Political Will and the Federal Deficit

0
1409

Since resources are finite, we have to decide where and how much to apply those resources to best satisfy our needs.  For families, that varies greatly, as spending priorities are quite individual, according to taste, income levels, credit balances, legal and medical bills, and a myriad of other factors.  The same is true for countries as it is for individuals.  Tax dollars collected yearly represent a MASSIVE sum of cash (in 2019, that was $2.6T!), the question is how to spend it (or borrow it, as with deficit spending)?  Here is where political friction takes place:  money spent on the military is money that cannot be spent on social programs. Money spent on COVID-19 vaccinations cannot be spent on The Border Wall, and so on.  We will ignore the deficit spending in this discussion, since if resources are infinite, we can have EVERYTHING we want (to the limits of our ability to borrow).  From an Economics standpoint, that is a short-term policy that will eventually implode, so we’ll set it aside for now.  The problem statement is:  what do we have the political will to do?  Let’s dig.

Since the ratification of the 16th Amendment (Income Taxes) in 1913, the US has had resources to spend.  Slowly at first, but gaining momentum as time advances, revenues from Income Taxes provide the Federal government with the resources to accomplish many things.  And nearly every decade had its focal point for those dollars to be targeted:  in the 1930s, it was the Great Depression; in the 1940s, it was WWII, then the Marshall Plan to re-build Europe; in the 1950s, it was the Korean War, the electrification of rural areas, and the Interstate Highway System; in the 1960s, it was the Viet Nam War and the Space Race to the moon; in the 1970s, it was the Energy Crisis; in the 1980s, it was the computerization of the entire government, the development of the Space Shuttle program, along with a few Middle East battles.  Since 2000, we have continued our military presence in Iraq, Afghanistan, and a few other hot-spots around the globe.  Somewhere along the way, government and private business launched satellites and built cell towers to create GPS, cable, internet, cell phone, and many other technologies.
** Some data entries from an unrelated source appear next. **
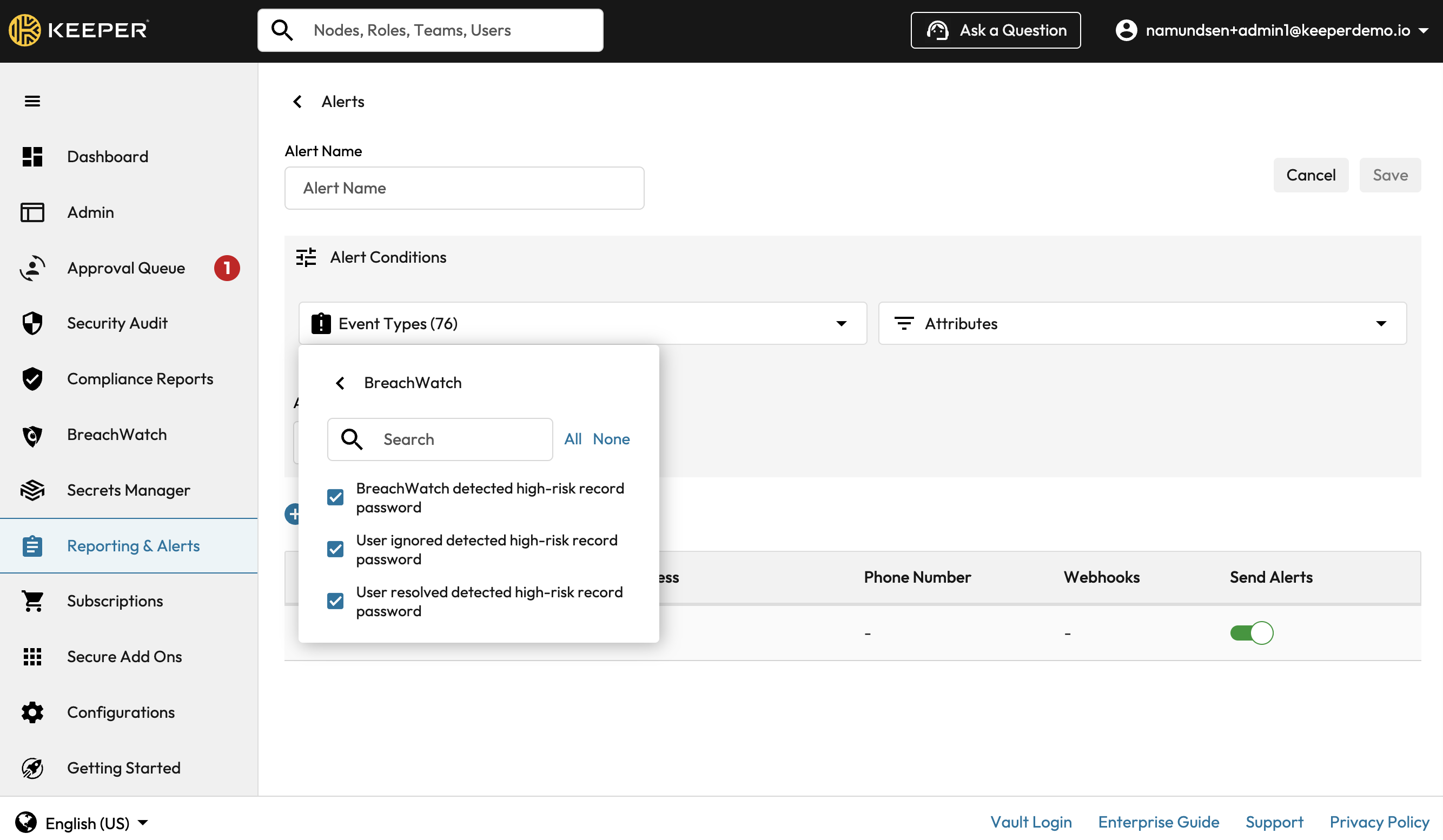 Keeper's Advanced Reporting System provides built-in Alerting capabilities that will notify users and Administrators for important events.  As a best practice, Keeper has created a list of recommended alerts that can be configured by the Keeper Administrator.
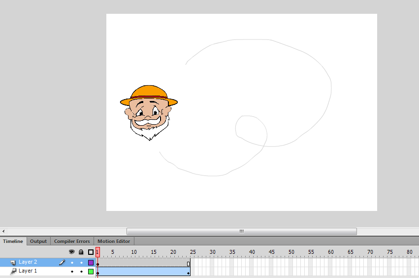 - Hapus layer 2, kemudian kemudian klik layer 1 frame 1. Pada bagian panel properties atur sehingga terlihat sama seperti berikut ini. Jalankan hasilnya.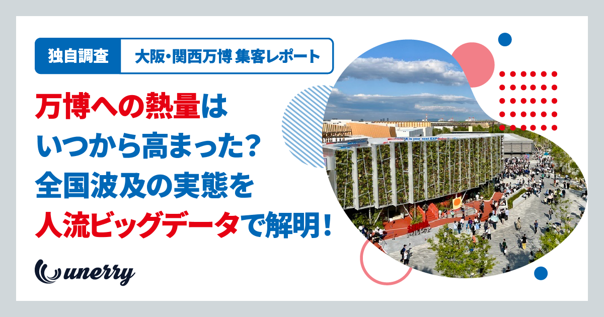 大阪・関西万博は累計来場者数(関係者含む)約2,901万7,900人を記録し、閉幕しました。開催前にはさまざまな意見が交わされましたが、終盤にかけては駆け込み来場も急増し、9月末には入場券販売が打ち切られるほどの賑わいを見せました。しかし、この「万博熱」の盛り上がりには、地域によってタイミングに差があったように見受けられます。そこでunerryは、国内約2.4億ID超の人流ビッグデータを保有するリアル行動データプラットフォーム「Beacon Bank」を活用し、万博来場者の行動を分析。各都道府県からの初回来場タイミングやリピート訪問の傾向を可視化することで、万博熱が全国にどう広がっていったのかを明らかにしました。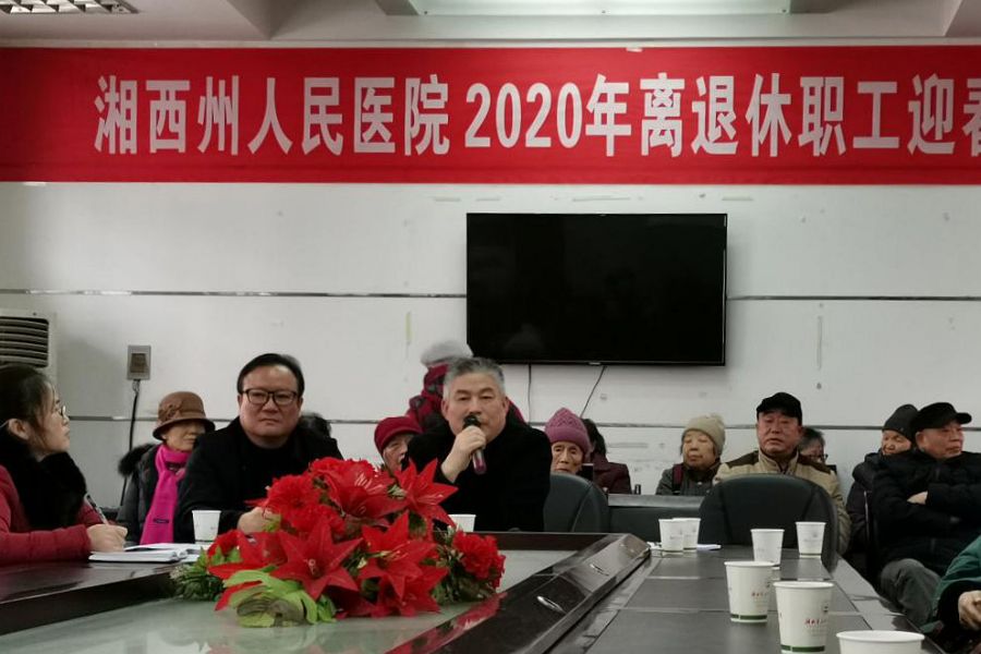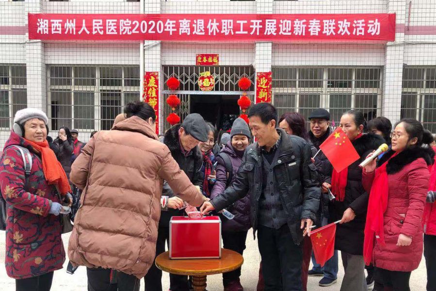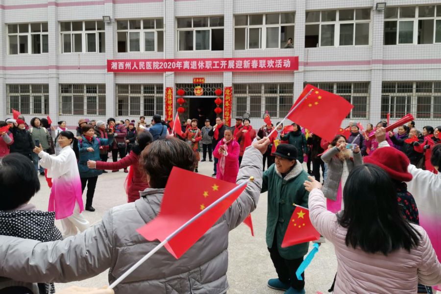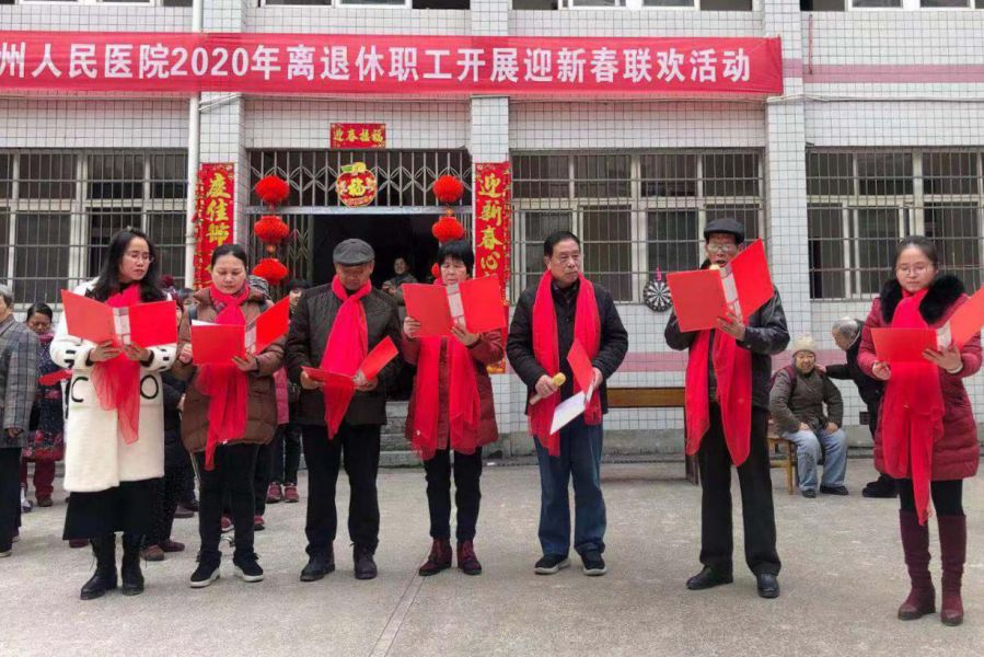 1月13日,州医院离退休职工在老院会议室和蓝球场举行2020年迎新春活动。院党委书记彭剑涛、院长周明欢、副院长贾小卷、工会主席江宏冰和300多名离退休同志欢聚一堂,辞旧迎新,共迎新春佳节。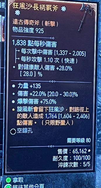 1.雙太古力量爆傷單手斧 2e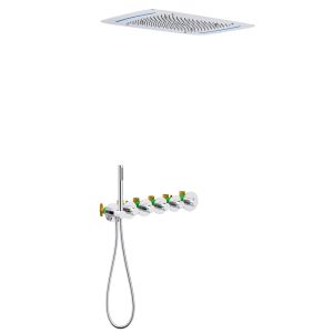 Встраиваемая душевая система с термостатом Timo Saona 2319 относится к премиальному сегменту, предназначена для монтажа в полой или твердой стене. Термостатический картридж поддерживает стабильную температуру воды, обеспечивая максимально комфортные условия для принятия водных процедур. Встроенный потолочный душ большого размера создает имитацию проливного дождя, вода обливает человека целиком. Регулируя напор воды можно получить массажное воздействие, что очень полезно для здоровья. Основные преимущества встроенной системы: элегантный внешний вид, все коммуникации и крепления спрятаны в стену и потолок, снаружи видны только декоративные элементы. Установить встроенную систему можно в любом месте. Сложностей монтажа не возникает при установке элементов душевой системы опытным сантехником. Внимательно изучите инструкцию по монтажу и эксплуатации.

Since the early 1960s, social programs (Medicare, Medicaid, SNAP, Welfare, SSDI, etc.) took their places as ever-expanding budgetary items.  I include these here because those programs, along with Social Security disbursements (another topic of its own), now surpass any other item in the Federal budget.  While some of these programs have separate funding mechanisms (payroll taxes, etc.), whenever those dollars are not sufficient to meet funding requirements, Income Tax dollars supplement them.  At their current trend, social and health care expenses will consume ALL of the Federal budget in a few years.  To say this is not sustainable is to fulfill my role as ‘Captain Obvious’. 

But let’s break this author’s personal rule here, and pretend that a static, rather than dynamic, analysis is worthwhile.  Let’s assume military and social spending are fixed (although each is rather large) amounts.  What do we have the political will to do with the remaining funds?

If we, as a country, chose to do something, it would get DONE.  Granted, in this fairy tale example, Congress would have to align its spending priorities with ours, but one can dream.  What should our NATIONAL spending priorities be?  Here is an ‘off the top of my head’ list of possibilities:

1.   End the Oxycontin/Oxycodone/opiate crisis

2.   Build and man/maintain the Southern Border Wall

3.   Solve the homeless problem

4.   Solve the entire college funding crisis

5.   Modernize our roads and bridges

6.   Update our power grid to EMP-proof and weatherproof status

7.   Upgrade the care of our Veterans, both physically and mentally

8.   AUDIT the Federal Reserve System

9.   AUDIT the entire Congressional budget

10.  Implement fraud-proof election systems

I’m sure everyone can add or subtract elements from this list.  It is intended to be a starting point, not an exhaustive list.  Now comes the hard part:  we have to not only agree on the priority sort, we have to agree on the amounts.  Do item 1, maybe there isn’t funding available for items 7-10, etc.  In effect, WHAT DO WE HAVE THE POLITICAL WILL TO ACCOMPLISH?  The only thing stopping us (other than Congress itself) is the lack of that political will.